Task requirements -
In the listing below, a line holding "وَقَدْ أَخْرَجَ ابْنُ" and a line holding "G-Blast Ultra Sachet" mark the range. Retype both exactly, with all lines between them.

** Extracted entries follows **

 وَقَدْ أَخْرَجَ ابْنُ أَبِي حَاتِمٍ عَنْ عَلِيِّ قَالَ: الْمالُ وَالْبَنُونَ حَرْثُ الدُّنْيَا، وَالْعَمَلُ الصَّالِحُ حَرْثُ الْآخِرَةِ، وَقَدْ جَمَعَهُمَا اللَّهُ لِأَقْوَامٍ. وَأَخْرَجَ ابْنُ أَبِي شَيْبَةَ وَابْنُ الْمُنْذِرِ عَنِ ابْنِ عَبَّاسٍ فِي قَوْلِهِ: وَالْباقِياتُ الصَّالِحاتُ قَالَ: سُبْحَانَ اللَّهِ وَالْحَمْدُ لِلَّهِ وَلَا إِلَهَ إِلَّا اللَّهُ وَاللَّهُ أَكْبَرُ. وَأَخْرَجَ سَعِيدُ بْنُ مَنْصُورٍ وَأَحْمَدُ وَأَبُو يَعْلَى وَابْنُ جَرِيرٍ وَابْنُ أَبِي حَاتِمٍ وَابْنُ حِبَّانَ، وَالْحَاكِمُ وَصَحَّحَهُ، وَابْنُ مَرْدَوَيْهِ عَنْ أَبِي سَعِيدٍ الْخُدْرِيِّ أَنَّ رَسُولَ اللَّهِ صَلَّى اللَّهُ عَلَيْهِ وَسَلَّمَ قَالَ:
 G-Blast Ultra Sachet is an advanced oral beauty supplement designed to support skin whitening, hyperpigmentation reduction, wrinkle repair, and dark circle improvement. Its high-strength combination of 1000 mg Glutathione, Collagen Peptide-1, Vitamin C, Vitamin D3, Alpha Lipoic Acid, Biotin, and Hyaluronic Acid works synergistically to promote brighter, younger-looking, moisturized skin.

** End of Extracted entries **
** Extracted entries follows **

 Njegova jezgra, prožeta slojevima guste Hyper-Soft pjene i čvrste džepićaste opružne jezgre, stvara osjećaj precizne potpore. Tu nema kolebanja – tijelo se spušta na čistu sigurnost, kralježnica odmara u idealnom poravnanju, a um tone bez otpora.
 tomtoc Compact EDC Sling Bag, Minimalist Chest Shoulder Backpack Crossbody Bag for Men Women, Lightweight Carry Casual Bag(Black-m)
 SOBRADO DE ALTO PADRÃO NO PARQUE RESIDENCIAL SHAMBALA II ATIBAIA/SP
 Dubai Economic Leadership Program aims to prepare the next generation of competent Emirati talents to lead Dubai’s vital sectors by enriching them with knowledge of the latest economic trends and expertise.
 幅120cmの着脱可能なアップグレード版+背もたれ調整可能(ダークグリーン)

** End of Extracted entries **
** Extracted entries follows **

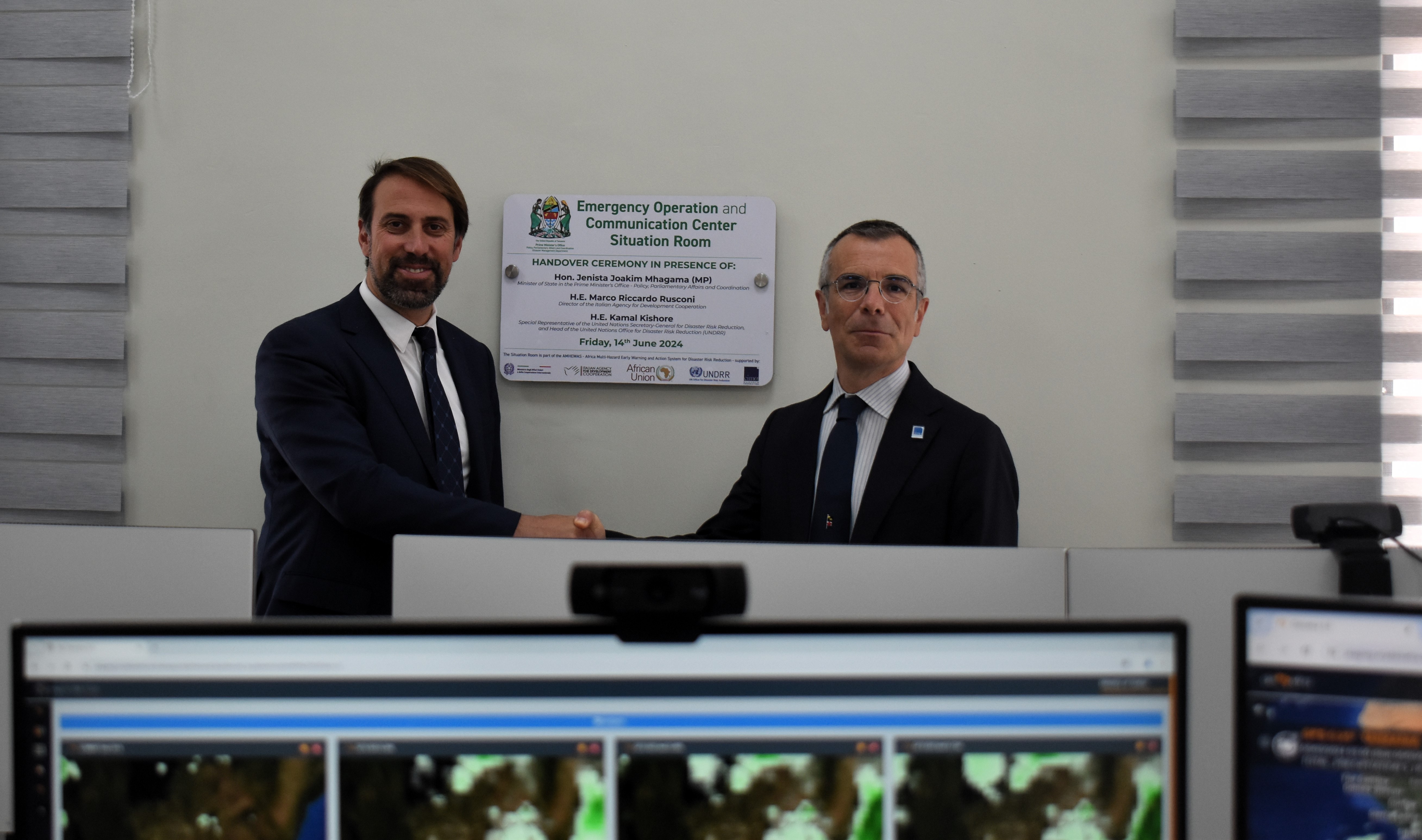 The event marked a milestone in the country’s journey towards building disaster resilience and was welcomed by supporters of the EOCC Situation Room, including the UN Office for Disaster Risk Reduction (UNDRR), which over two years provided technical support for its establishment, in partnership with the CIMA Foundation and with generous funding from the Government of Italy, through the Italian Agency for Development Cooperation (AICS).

** End of Extracted entries **

Reply -
 وَقَدْ أَخْرَجَ ابْنُ أَبِي حَاتِمٍ عَنْ عَلِيِّ قَالَ: الْمالُ وَالْبَنُونَ حَرْثُ الدُّنْيَا، وَالْعَمَلُ الصَّالِحُ حَرْثُ الْآخِرَةِ، وَقَدْ جَمَعَهُمَا اللَّهُ لِأَقْوَامٍ. وَأَخْرَجَ ابْنُ أَبِي شَيْبَةَ وَابْنُ الْمُنْذِرِ عَنِ ابْنِ عَبَّاسٍ فِي قَوْلِهِ: وَالْباقِياتُ الصَّالِحاتُ قَالَ: سُبْحَانَ اللَّهِ وَالْحَمْدُ لِلَّهِ وَلَا إِلَهَ إِلَّا اللَّهُ وَاللَّهُ أَكْبَرُ. وَأَخْرَجَ سَعِيدُ بْنُ مَنْصُورٍ وَأَحْمَدُ وَأَبُو يَعْلَى وَابْنُ جَرِيرٍ وَابْنُ أَبِي حَاتِمٍ وَابْنُ حِبَّانَ، وَالْحَاكِمُ وَصَحَّحَهُ، وَابْنُ مَرْدَوَيْهِ عَنْ أَبِي سَعِيدٍ الْخُدْرِيِّ أَنَّ رَسُولَ اللَّهِ صَلَّى اللَّهُ عَلَيْهِ وَسَلَّمَ قَالَ:
 G-Blast Ultra Sachet is an advanced oral beauty supplement designed to support skin whitening, hyperpigmentation reduction, wrinkle repair, and dark circle improvement. Its high-strength combination of 1000 mg Glutathione, Collagen Peptide-1, Vitamin C, Vitamin D3, Alpha Lipoic Acid, Biotin, and Hyaluronic Acid works synergistically to promote brighter, younger-looking, moisturized skin.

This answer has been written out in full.